22/11/2023
Catherine Christer Hennix passed away at her home in Istanbul, Turkey yesterday. Since the late 1960s, she has created a massaive and innovative body of work spanning minimal music, computer programming, poetry, sculpture, and light art—pushing the technical and conceptual boundaries of these media toward singular ends. She was part of the downtown music school in New York and has worked extensively with some of its key figures, including Henry Flynt and La Monte Young. In the ’70s, Hennix studied the nature and use of harmonic sound as a disciple of Pandit Pran Nath, a master of the Kirana tradition of classical Hindustani music.

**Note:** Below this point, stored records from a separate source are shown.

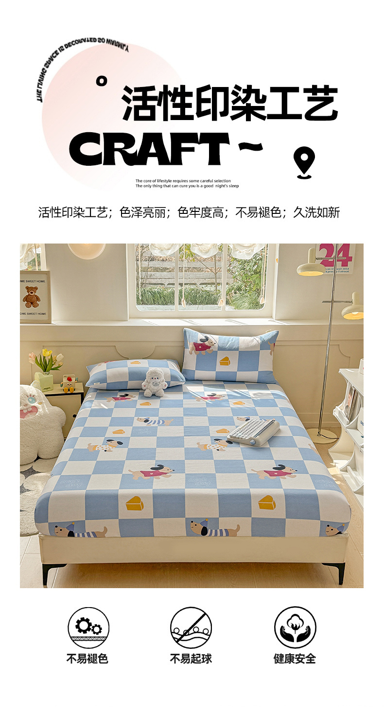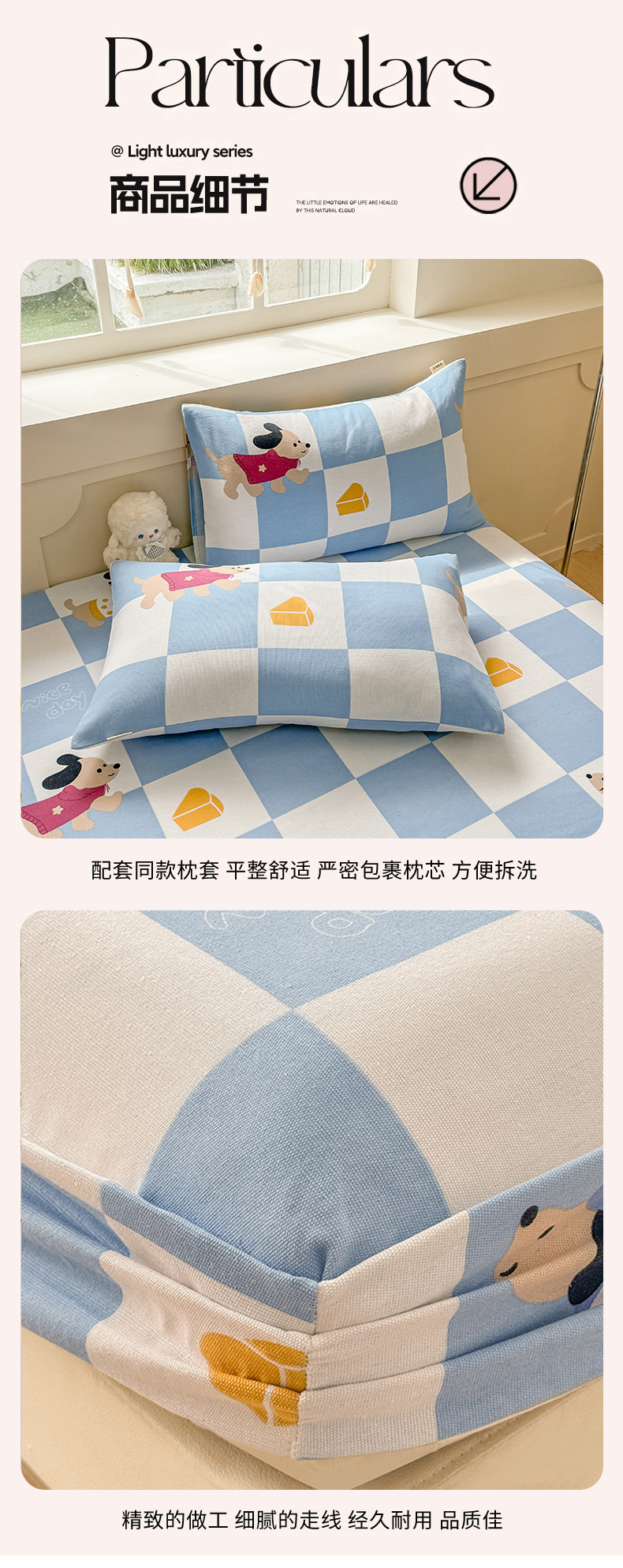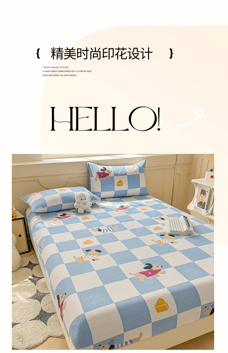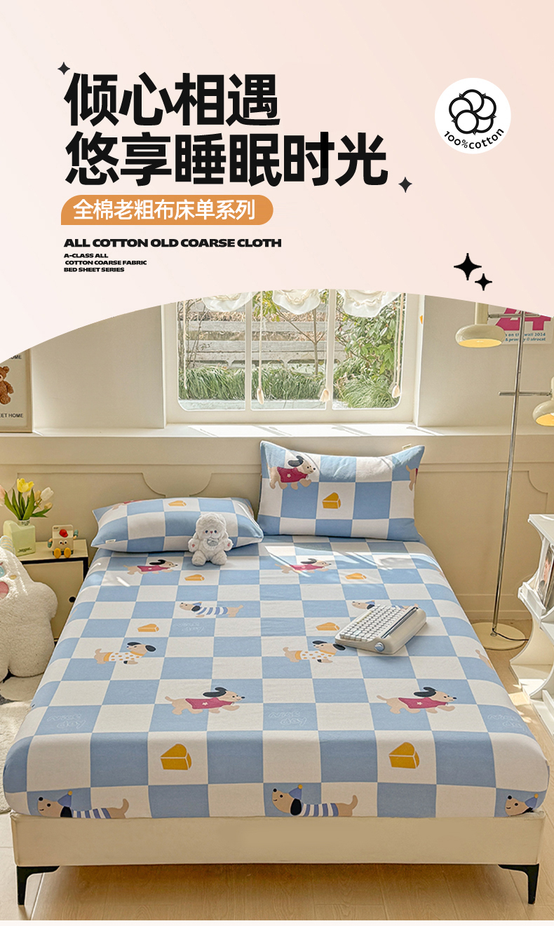 爱彼家纺 2026新款舒适透气老粗布凉席印花床笠单件-床笠三件套 老粗布床笠-腊肠狗-蓝
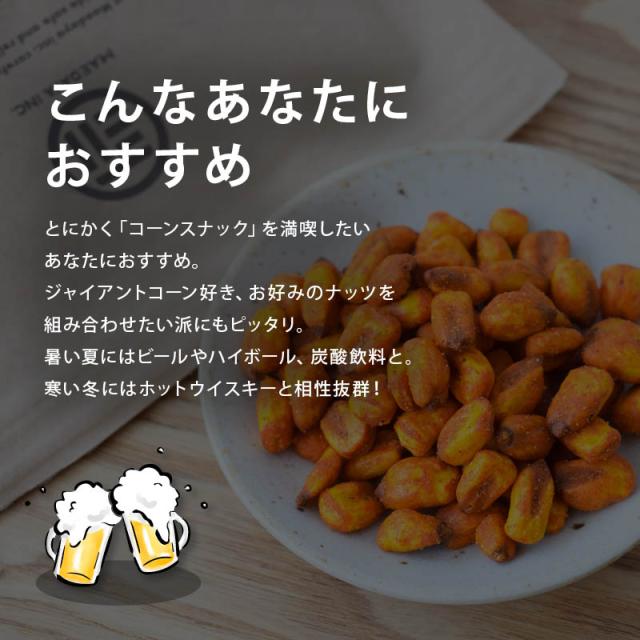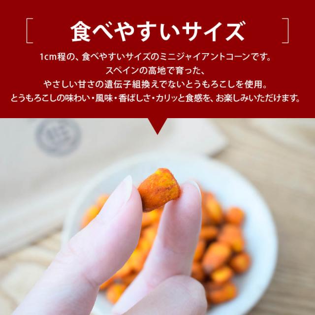 チリパウダーのピリ辛風味と、とうもろこしの自然な甘さが絶妙なバランスで、
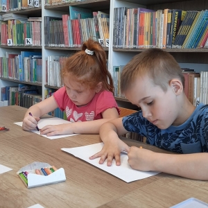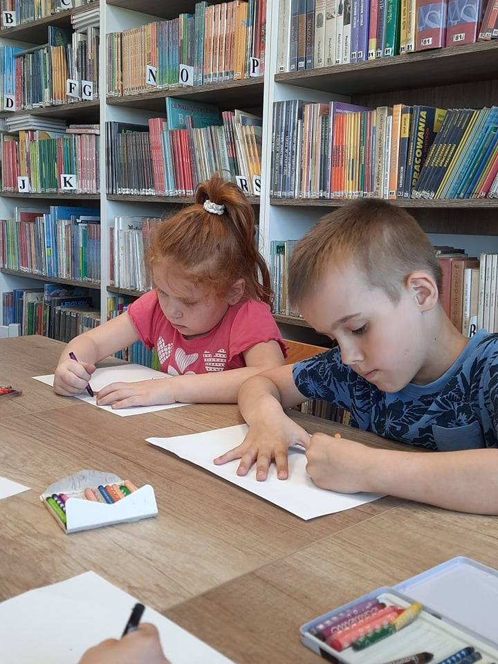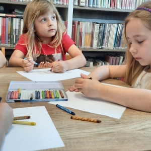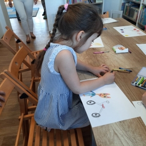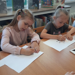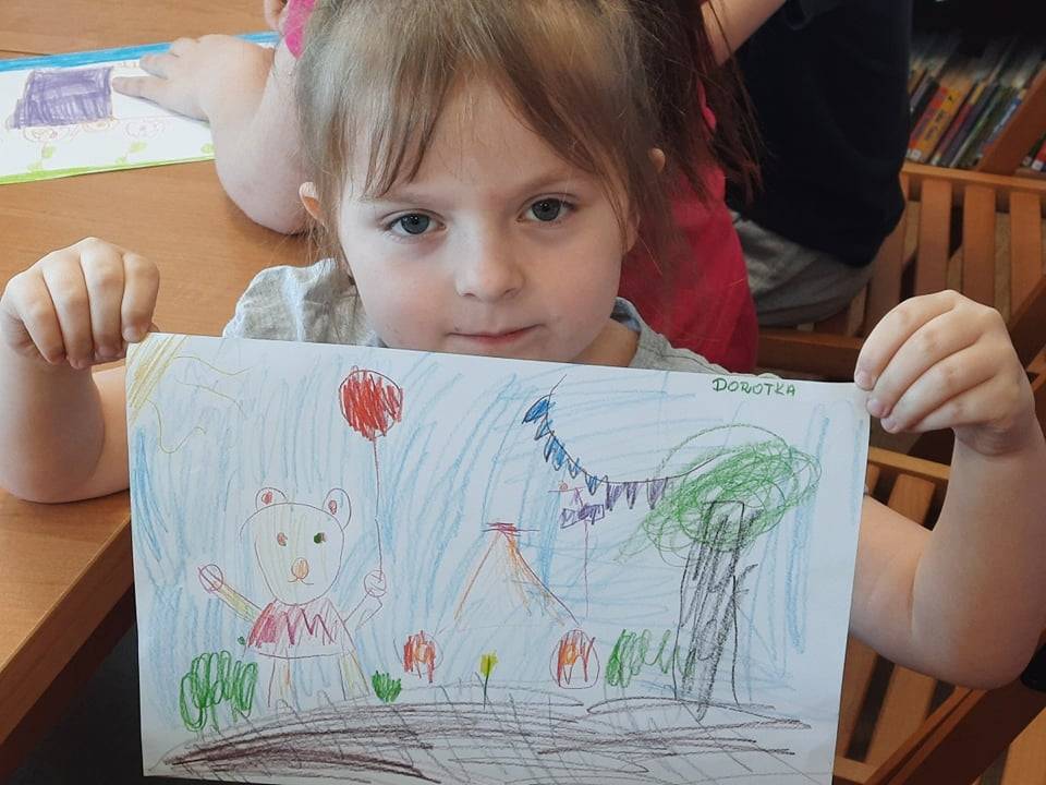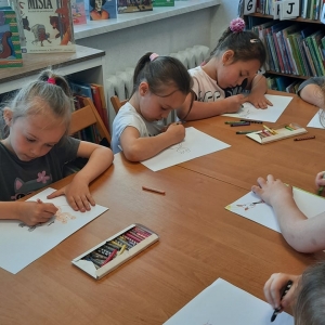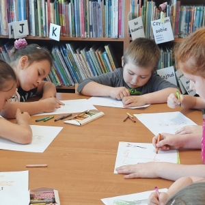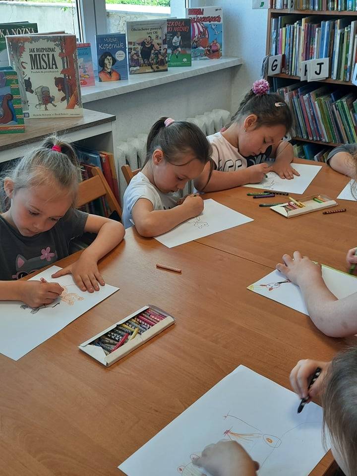 Kończąc spotkanie dzieci otrzymały cukierki oraz kolorowanki z hasłem Tygodnia Bibliotek.
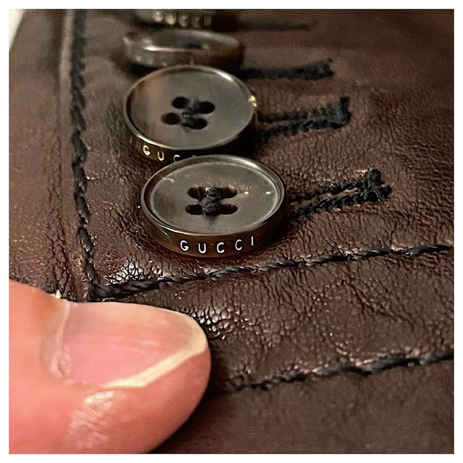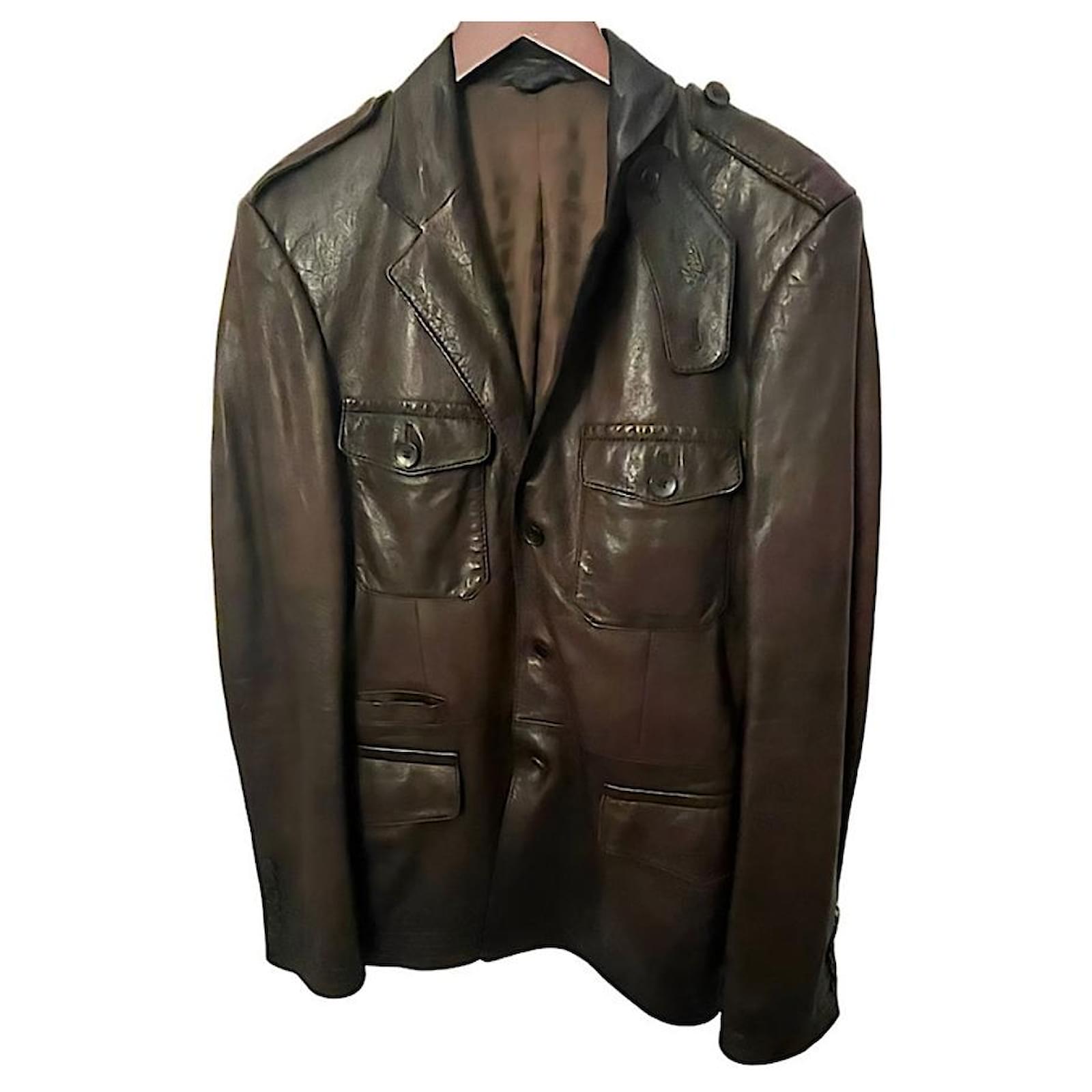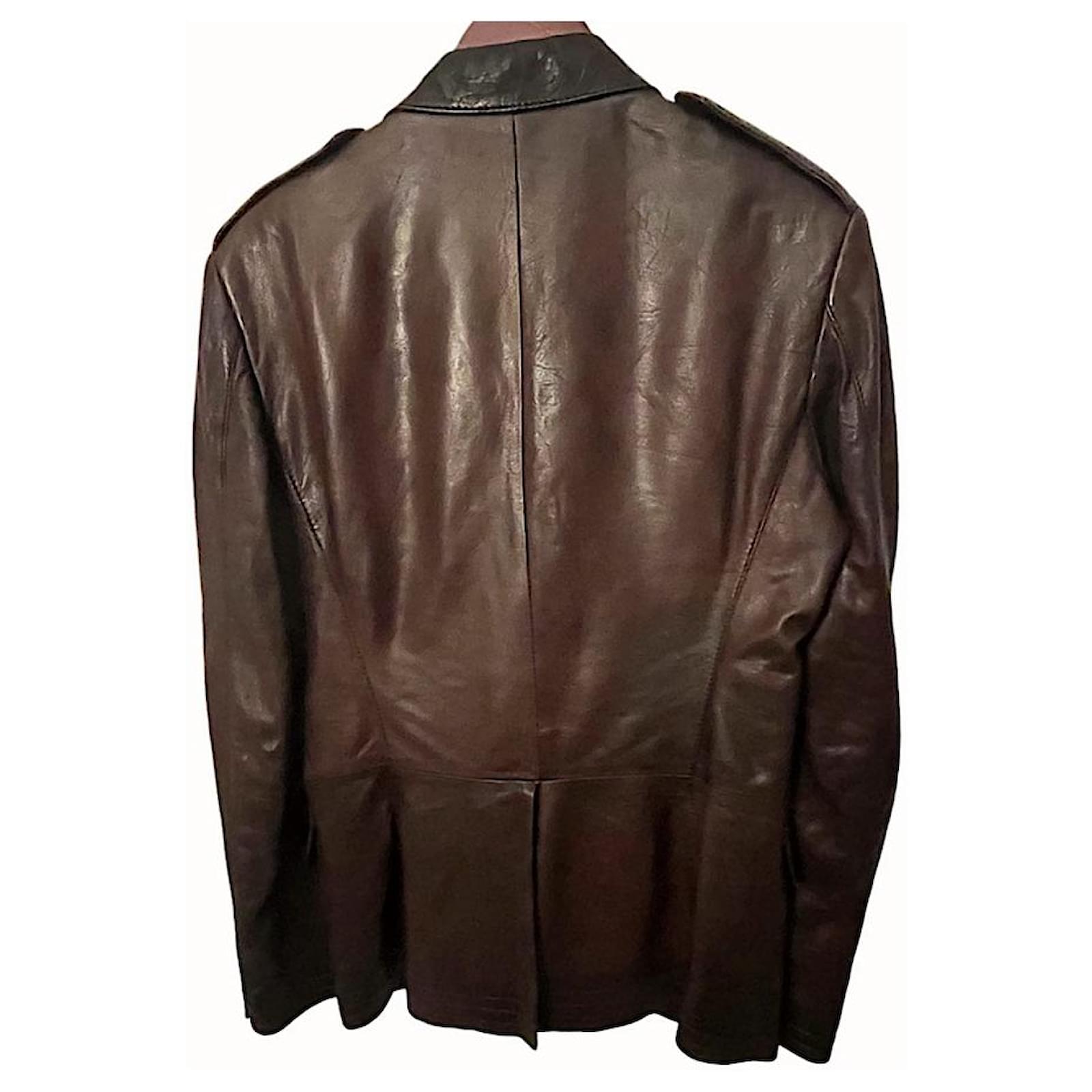 Authentic Gucci Tom Ford Runway Brown Military Style Lambskin Blazer Size 48 IT Made in Italy 19”W 30”L 27” Sleeve Length
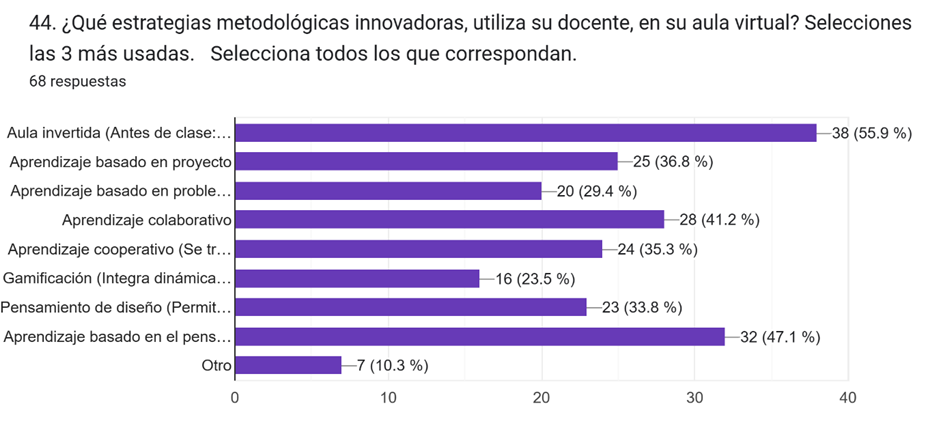 En el indicador 9.47 diseño instruccional ¿Qué estrategias metodológicas innovadoras, utiliza su docente, en su aula virtual? Selecciones las 3 más usadas. * Selecciona todos los que correspondan.
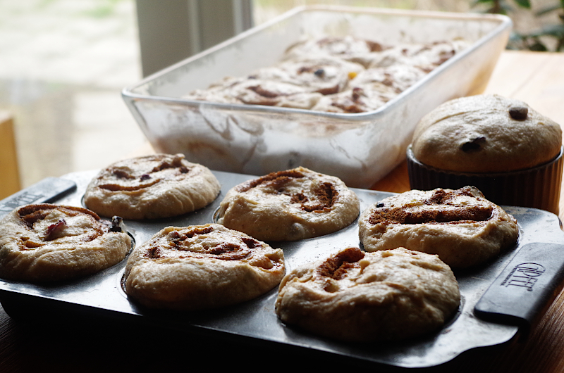 Специально для тех любителей сдобных булок, кто везде пытается снизить калорийность, жирность, выбросить из сдобы яйца или сливочное масло, заменить муку на цельнозерновую, а белый сахар на коричневый. Постное картофельное тесто (ничего же, что здесь картошка?), которое можно использовать для булочек, пирожков, синнабонов и вообще чего угодно, тесто универсальное! Картофельное пюре делает это тесто нежным и мягким, но привносит определенный эффект неопределенности в консистенцию, поэтому с жидкостью осторожнее. Картошка бывает разной по влагоемкости, как и мука, поэтому добавляйте жидкость при замесе не всю сразу, а постепенно, доводя тесто до мягкого густого состояния, а по мере замеса картошка будет делать его мягче. Вы можете брать любое растительное масло, можете увеличивать процент цельнозерновой или наоборот брать меньше, увеличивая содержание белой, можете добавить в тесто изюм или клюкву (как у меня), можете орехи, все будет вкусно! Меня не отпускают синнабоны, поэтому испекла именно их :))
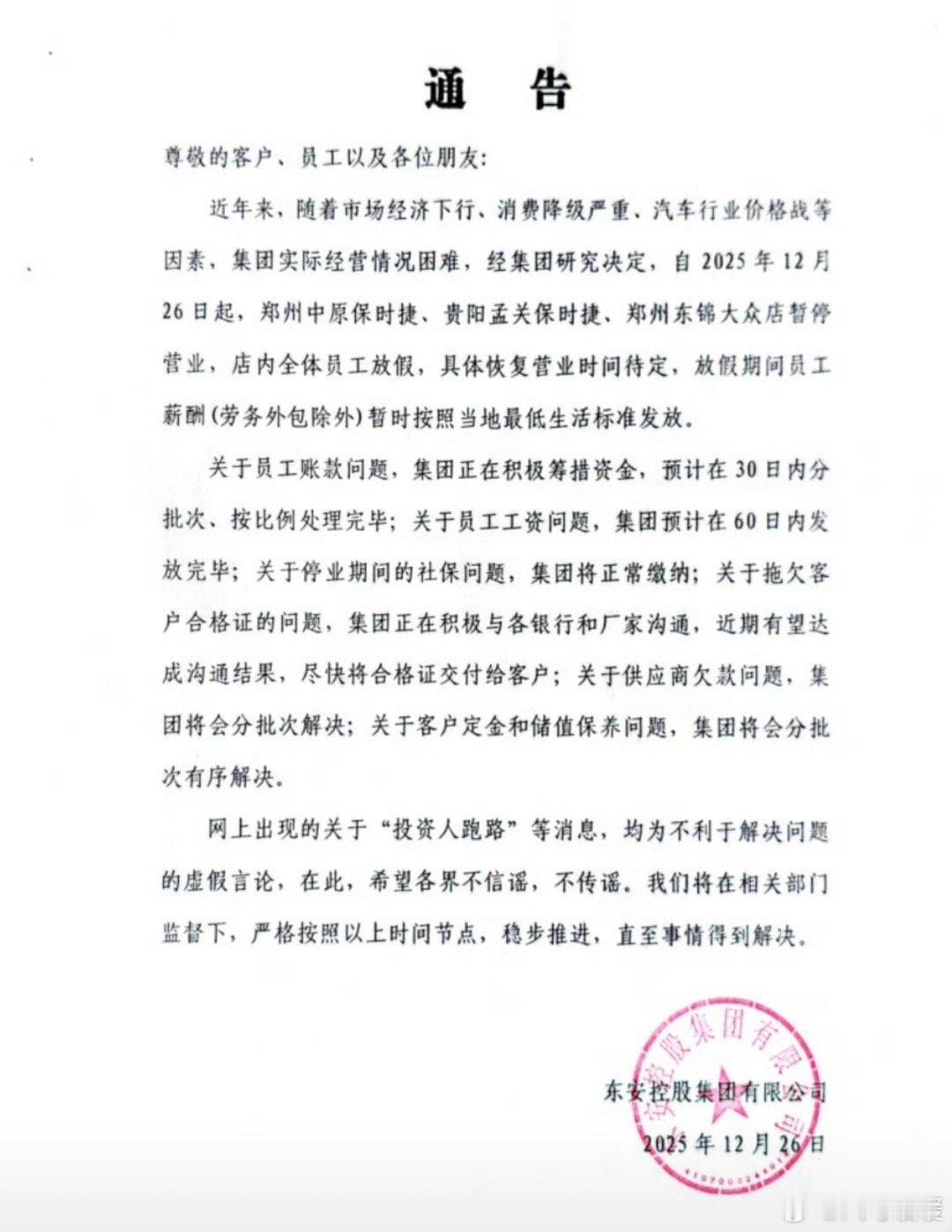最近郑州中原保时捷中心等几家店被曝人去楼空,大家都传是店家跑路了昨天,这些店的母公司东安控股发了通告,说不是跑路,是市场不好、价格战太猛导致经营困难,还宣布郑州中原保时捷、贵阳孟关保时捷、郑州东锦大众这三家店从当天起暂停营业。通告里还说,员工的账款30天内分批给,工资60天内结清,客户的合格证、定金这些事儿,会在相关部门监督下慢慢解决让我意想不到的是保时捷这样顶级的豪华品牌居然能和跑路这样字眼联系到一起,这下是不是打破了大家对豪华车4S店躺着都能赚钱的固有印象

For much of her life, Hennix was an enigmatic figure in musical minimalism, primarily known for her “billowing cloud” study The Electronic Harpsichord (1976). Her resurgence and later artistic activity can in many ways be credited to the advocacy of Henry Flynt, who would present the piece at tape concerts throughout the ’70s and ’80s. In 2003, Hennix returned to producing computer-generated sound works, initiating a productive two-decade run. After a long hiatus from leading ensembles, she formed the Chora(s)san Time-Court Mirage in 2005 after meeting the trombonist Hilary Jeffery, and later led the just intonation group the Kamigaku Ensemble. She toured internationally, released several archival recordings, circulated her poetic and theoretical writing, and exhibited her artwork in surveys such as Traversée du Fantasme at Stedelijk Museum, Amsterdam, and Thresholds of Perception at Empty Gallery, Hong Kong, in 2018.
While a student of Pran Nath, Hennix was introduced to Sufism—first in the Chishti Order, and later taking hand with Sheikha Fariha in the Nur Ashki Jerrahi Order—and has been dedicated to its practice ever since, integrating the devotional dimensions of Islam and Sufism into all of her work with poetry and sound. Hennix formally converted to Islam before relocating to Istanbul, where she spent the final years of her life in a wondrous immersion in the call to prayer, the sound of the One.